• **WHAT TO DO**
Without the pictures, extract every line from the start of the material to the line containing "Left to right", both ends included.

• **SUPPLIED MATERIAL**
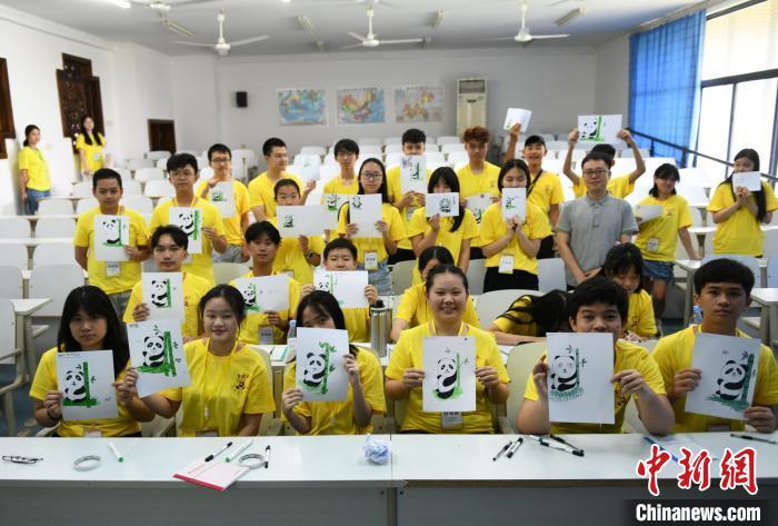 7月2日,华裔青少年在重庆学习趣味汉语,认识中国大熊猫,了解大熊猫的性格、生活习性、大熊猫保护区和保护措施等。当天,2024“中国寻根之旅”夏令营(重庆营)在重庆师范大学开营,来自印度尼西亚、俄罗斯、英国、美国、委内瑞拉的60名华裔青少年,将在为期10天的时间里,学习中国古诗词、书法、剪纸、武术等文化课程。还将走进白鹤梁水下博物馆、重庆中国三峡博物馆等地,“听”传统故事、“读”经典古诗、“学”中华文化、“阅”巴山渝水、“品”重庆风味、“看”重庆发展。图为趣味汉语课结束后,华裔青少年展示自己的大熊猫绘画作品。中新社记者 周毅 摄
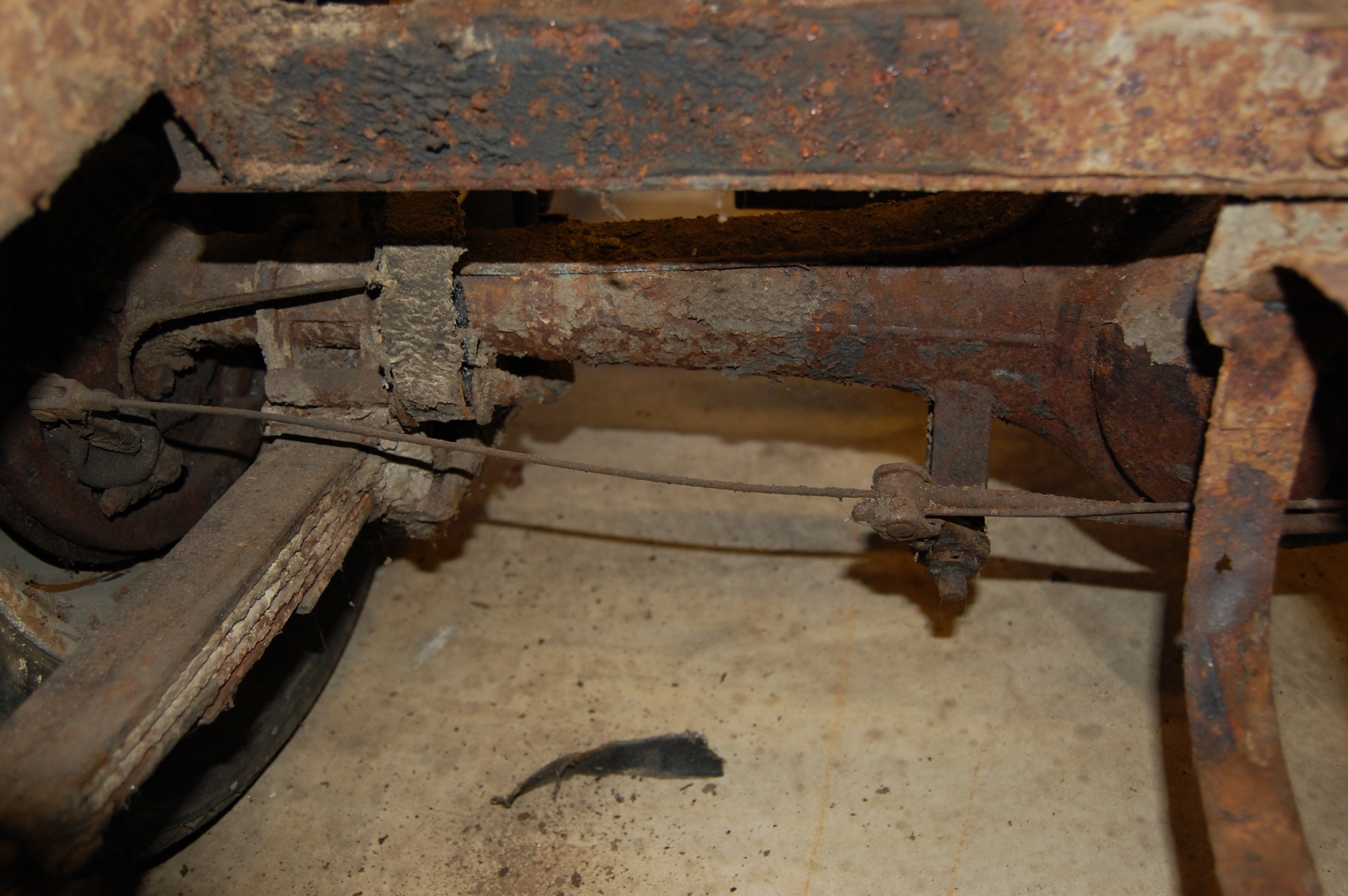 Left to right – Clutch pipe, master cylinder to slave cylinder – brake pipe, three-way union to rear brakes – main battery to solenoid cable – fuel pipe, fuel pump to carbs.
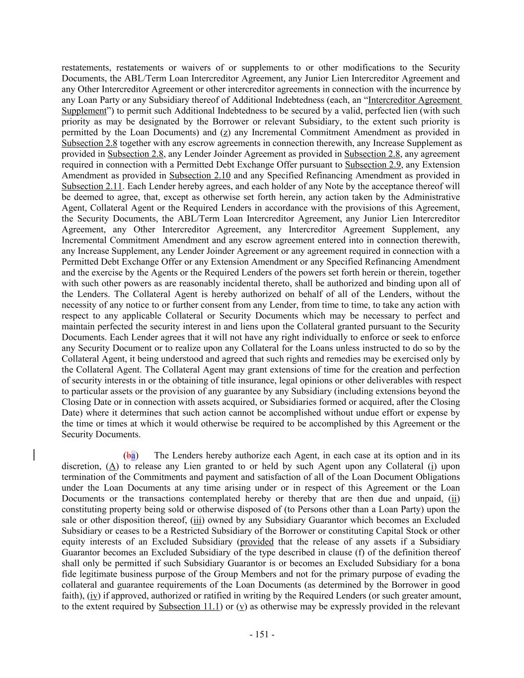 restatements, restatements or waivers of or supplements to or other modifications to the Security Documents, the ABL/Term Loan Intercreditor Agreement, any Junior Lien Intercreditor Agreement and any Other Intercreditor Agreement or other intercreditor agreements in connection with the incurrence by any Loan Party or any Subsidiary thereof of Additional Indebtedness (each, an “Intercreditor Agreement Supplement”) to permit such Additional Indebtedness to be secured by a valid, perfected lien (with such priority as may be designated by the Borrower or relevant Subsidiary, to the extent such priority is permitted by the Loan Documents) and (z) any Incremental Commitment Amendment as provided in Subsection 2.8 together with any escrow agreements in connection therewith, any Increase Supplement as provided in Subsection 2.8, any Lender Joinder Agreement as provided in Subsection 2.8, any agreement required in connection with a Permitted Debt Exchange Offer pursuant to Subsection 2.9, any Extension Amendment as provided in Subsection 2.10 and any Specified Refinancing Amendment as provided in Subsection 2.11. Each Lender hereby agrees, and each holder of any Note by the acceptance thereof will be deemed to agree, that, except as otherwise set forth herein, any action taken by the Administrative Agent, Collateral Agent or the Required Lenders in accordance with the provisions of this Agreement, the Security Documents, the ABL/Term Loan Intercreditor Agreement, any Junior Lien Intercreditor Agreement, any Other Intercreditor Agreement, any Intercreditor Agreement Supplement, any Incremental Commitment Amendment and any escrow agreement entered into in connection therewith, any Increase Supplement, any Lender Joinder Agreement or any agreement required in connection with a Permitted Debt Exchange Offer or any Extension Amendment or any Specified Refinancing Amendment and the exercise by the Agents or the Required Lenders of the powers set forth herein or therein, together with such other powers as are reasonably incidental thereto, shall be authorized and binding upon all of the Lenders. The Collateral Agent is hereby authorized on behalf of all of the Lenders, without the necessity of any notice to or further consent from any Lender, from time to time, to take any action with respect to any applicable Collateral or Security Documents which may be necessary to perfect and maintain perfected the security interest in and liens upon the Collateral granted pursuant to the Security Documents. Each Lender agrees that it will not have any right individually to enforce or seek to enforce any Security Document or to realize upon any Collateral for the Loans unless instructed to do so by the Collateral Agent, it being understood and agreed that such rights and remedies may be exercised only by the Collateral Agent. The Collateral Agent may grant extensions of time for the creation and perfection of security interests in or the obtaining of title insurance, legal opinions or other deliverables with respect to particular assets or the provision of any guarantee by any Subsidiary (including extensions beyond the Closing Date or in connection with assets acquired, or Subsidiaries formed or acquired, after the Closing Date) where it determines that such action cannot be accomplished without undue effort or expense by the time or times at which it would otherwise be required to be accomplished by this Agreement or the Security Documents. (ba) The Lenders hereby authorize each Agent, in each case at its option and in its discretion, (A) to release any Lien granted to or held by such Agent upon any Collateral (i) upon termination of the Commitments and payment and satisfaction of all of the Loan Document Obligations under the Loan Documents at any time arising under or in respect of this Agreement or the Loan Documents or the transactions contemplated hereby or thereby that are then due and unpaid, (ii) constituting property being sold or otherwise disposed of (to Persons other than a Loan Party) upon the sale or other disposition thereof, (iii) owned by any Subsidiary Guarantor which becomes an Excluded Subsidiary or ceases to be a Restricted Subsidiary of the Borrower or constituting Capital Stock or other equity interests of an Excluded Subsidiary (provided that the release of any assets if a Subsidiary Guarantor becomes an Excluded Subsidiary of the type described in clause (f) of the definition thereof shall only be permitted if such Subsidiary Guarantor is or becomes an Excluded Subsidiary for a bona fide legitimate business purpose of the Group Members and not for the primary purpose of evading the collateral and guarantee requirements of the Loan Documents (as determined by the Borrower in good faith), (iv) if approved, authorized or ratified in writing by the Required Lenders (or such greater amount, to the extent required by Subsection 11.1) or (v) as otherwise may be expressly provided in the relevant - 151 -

• **COMPLETED EXERCISE**
 7月2日,华裔青少年在重庆学习趣味汉语,认识中国大熊猫,了解大熊猫的性格、生活习性、大熊猫保护区和保护措施等。当天,2024“中国寻根之旅”夏令营(重庆营)在重庆师范大学开营,来自印度尼西亚、俄罗斯、英国、美国、委内瑞拉的60名华裔青少年,将在为期10天的时间里,学习中国古诗词、书法、剪纸、武术等文化课程。还将走进白鹤梁水下博物馆、重庆中国三峡博物馆等地,“听”传统故事、“读”经典古诗、“学”中华文化、“阅”巴山渝水、“品”重庆风味、“看”重庆发展。图为趣味汉语课结束后,华裔青少年展示自己的大熊猫绘画作品。中新社记者 周毅 摄
 Left to right – Clutch pipe, master cylinder to slave cylinder – brake pipe, three-way union to rear brakes – main battery to solenoid cable – fuel pipe, fuel pump to carbs.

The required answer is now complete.